My MacBook Pro returns from its extended hiatus today, Monday. Over the last twelve days, I’ve been living on a 450mhz PowerMac G4 Cube with 640 MB of RAM. It’s eye-opening not only how difficult the transition has been for me, but how usable the older and slower machine actually is.
Moving down from a 2.16 Core2Duo MacBook Pro with 2GB of RAM is difficult for a few reasons. The first is just plain speed. Running Camino, my Macintosh web browser of choice, was painful on the Cube. There were optimized builds available, which helped somewhat, but browsing was slow and unpleasant. Loading a comment thread on Digg caused the browser to lock up for around ten seconds, playback of Flash videos (like the ones on YouTube) was tricky, and having more than four tabs open turned the browser into a snail.

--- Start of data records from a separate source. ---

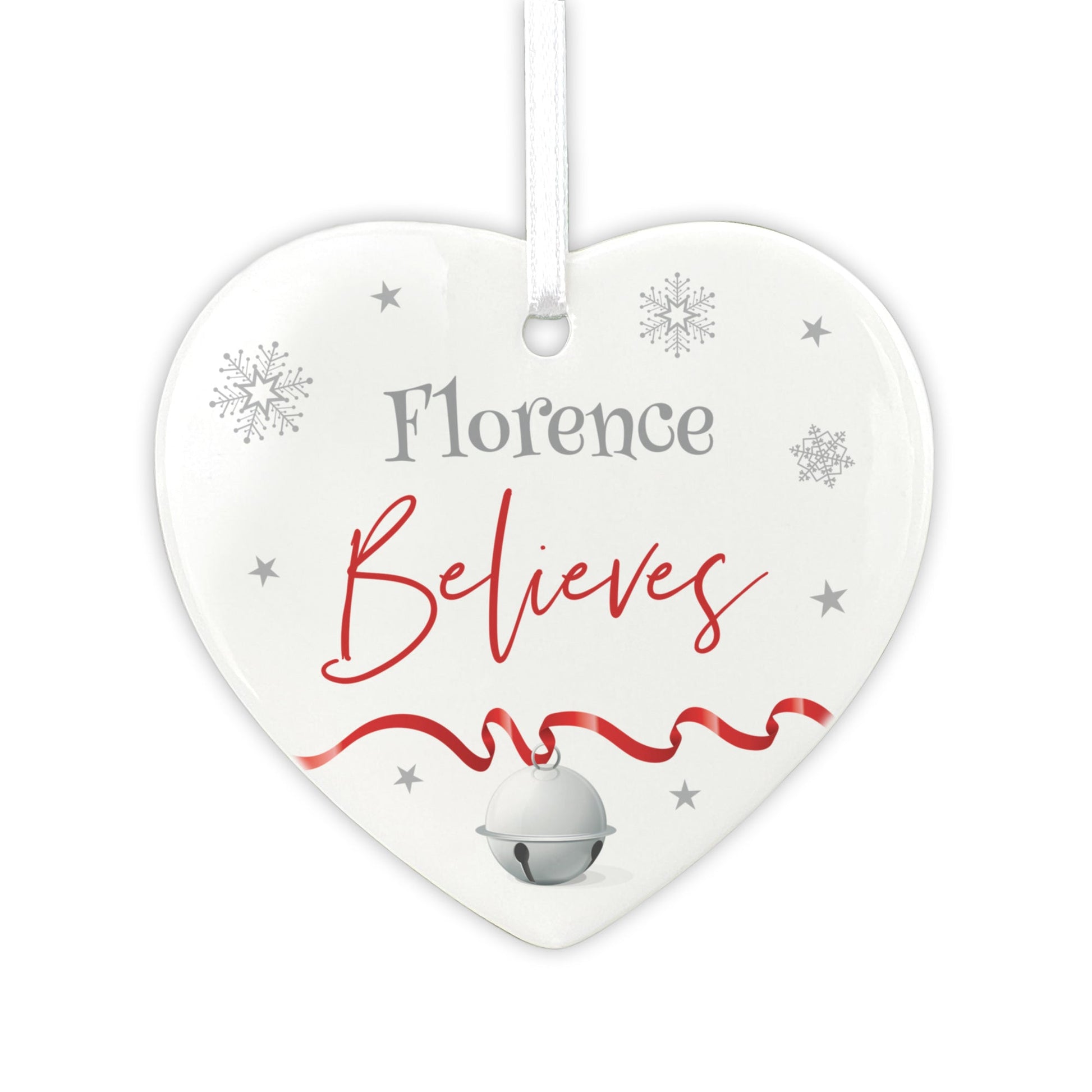 This personalised ceramic Christmas decoration can be personalised with any name up to 15 characters. "Believes" is fixed text.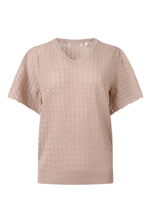 Deze top heeft een driekwart mouw, kleine V hals met een sierkoord. Onder bij de taille heeft deze top een elastiek zodat je hem kunt laten bollen.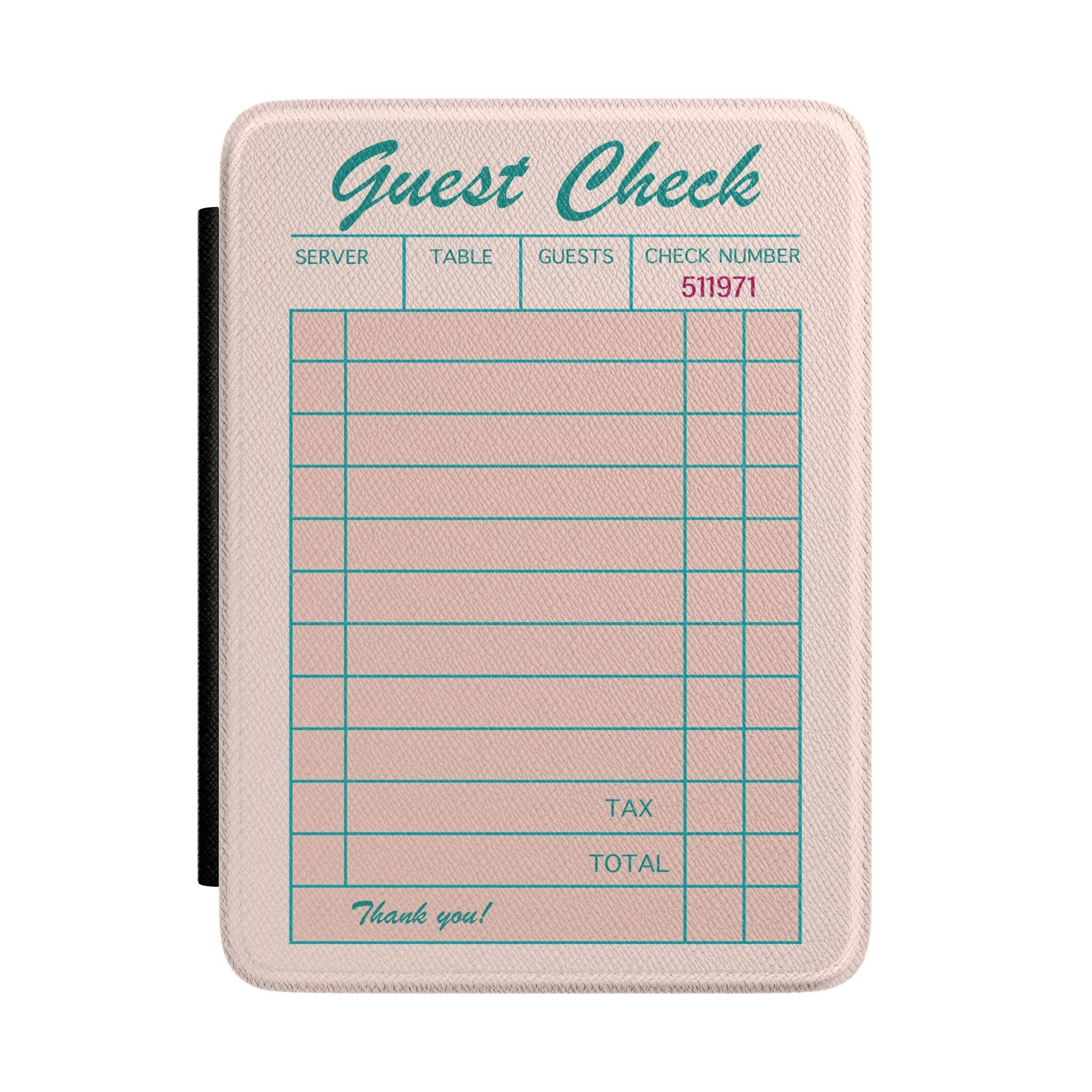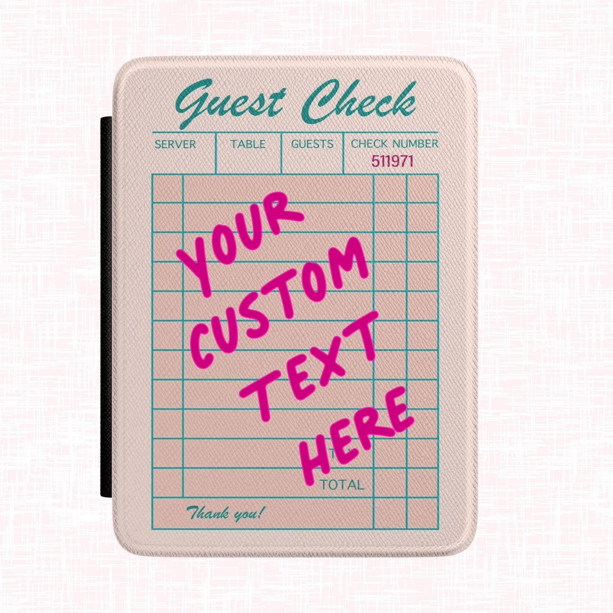 "The Guest Check" — a personalized Kindle case for the reader with opinions, featuring a retro diner receipt design in blush pink and teal with your words printed in bold hot pink handwritten script across the order lines, a witty and one-of-a-kind gift for book lovers.

The second difficulty in jumping to a computer introduced in July of 2000 is its operating system. My MacBook Pro runs Apple’s recently introduced version of Mac OS X, Leopard. As we know, the G4 Cube can run Leopard, but it is largely unstable. Thus, for the last twelve days, I’ve been using Mac OS X Tiger. Although Leopard has bugs that I often twitter about, it is the most impressive operating system I have ever used. The perspective I have from running this antiquated computer for so long lets me see that.
My third difficulty was not being able to do certain tasks. For example, I encountered a major design bug on my site this week thanks to a reader email (thanks, Michael Clark!), but could not fix it. I couldn’t trust the Cube to run the all of software I use to fix up Exposay (Transmit, Coda, Safari, Firefox, Opera) at the same time. I’ll fix the bug as soon as possible.
Doing a key school assignment in the last week was very difficult on this computer. My word processor of choice is Office 2008 for the Mac, which is a very slow and very unstable application on a 450mhz PowerPC G4. To be fair, its requirements clearly state that a PowerPC G4 processor must be clocked at 500MHz or faster for it to run acceptably.
I pushed this machine to its limit this week. I had Camino, Adium, iTunes, Finder, TextEdit, Dictionary, Last.fm, Twitterrific, QuickSilver, and the Gmail Notifier running at almost all times. Although it was most definitely difficult to use, the machine never crashed once, even under long stretches of 100% CPU load.
Really, I’m fortunate to have purchased this extra computer. For what I spent on it, $250, it really came in handy. Besides serving as my Mom’s computer, it never hurts for me to have a backup machine. If it ran Leopard natively, it would have been perfect. I would have just cloned by MacBook Pro’s hard disk to it and carried on as usual. That’s a wonderful aspect of the Mac – true application and data portability from machine to machine. It’s a shame that the Cube could only run Tiger.
Besides downloading optimized versions of some of my applications, running the computer at a lower color depth was helpful in speeding things up. Rather than displaying millions of colors on my screen, I elected to display only thousands of colors.
I hope my experience will provide some insight to others running slow computers and let everyone else appreciate their modern supercomputers. I’m glad to be back.